Is the set of polynomial with coefficients on $\mathbb{Q}$ enumerable?
Using the definition of enumerability of sets:
A non-empty set B is enumerable iff there is a bijection $f:\mathbb{N}\supset L \rightarrow B$.
So, I have to prove that the set of polynomial of one variable with coefficients on $\mathbb{Q}$ is enumerable. What I thought is that I can write every polynomial $p_0=A_0^0+A_1^0X+\dots +A_n^0X^n$ as
$$p_0=(A_0^0,A_1^0,\dots ,A_n^0,\dots ),$$
where the $A_i's$ are 0 except for a finite number of them. To say that this set is enumerable is the same that to say (denoting this set by B):
$$B=\{p_1,p_2,\dots\}$$
Now define the polynomial
$$ p=(x_0 \neq A_0^0, x_1 \neq A_1^1, \dots), $$
where every $x_i \neq A_i^i$. This polynomial is obviously not in the list B.

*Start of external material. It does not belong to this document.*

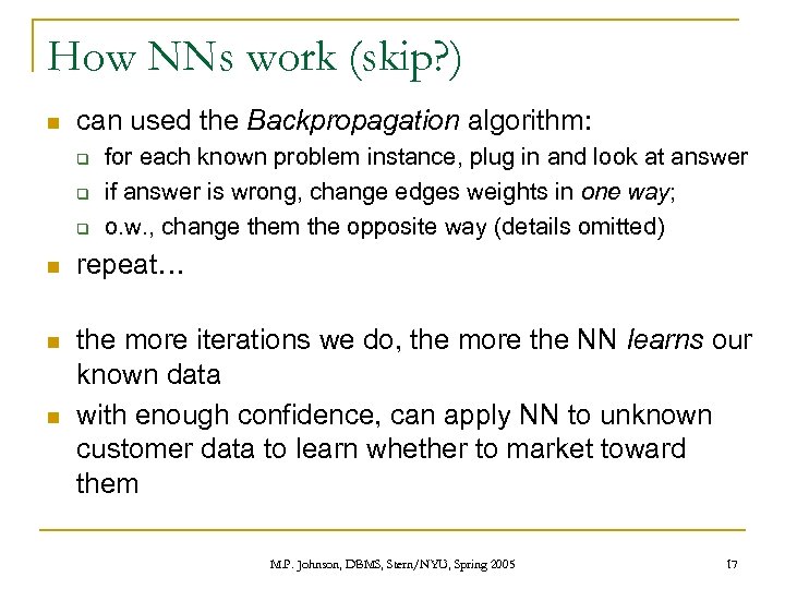 How NNs work (skip? ) n hope: plug in customer out comes whether we should market toward him n How does it get the right answer? n n Initially, all weights are random! But: we assume we have data for lots of people which we know to be either interested in our products or not (let’s say) q n we have data for both kinds So: when we plug in one of these customers, we know what the right answer is supposed to be M. P. Johnson, DBMS, Stern/NYU, Spring 2005 16

My question is: my approach is right to conclude that the set B is non-enumerable?
Solution 1:
First note that enumerable usually means can be effectively enumerated, where as you seem to ask if it is countable (or denumerable).
The conclusion is wrong, so the approach cannot be right. The set is countable. As for the approach, note that you are defining a polynomial with infinitely many non-zero coefficients, which is therefore not a polynomial.
Otherwise the argument would be reduced to an even worse state: a misinterpretation of the Cantor diagonal argument. That is, you are listing the polynomials and then finding something not on that concrete list; whereas the actual argument is "given any enumeration, we can find something not on the list".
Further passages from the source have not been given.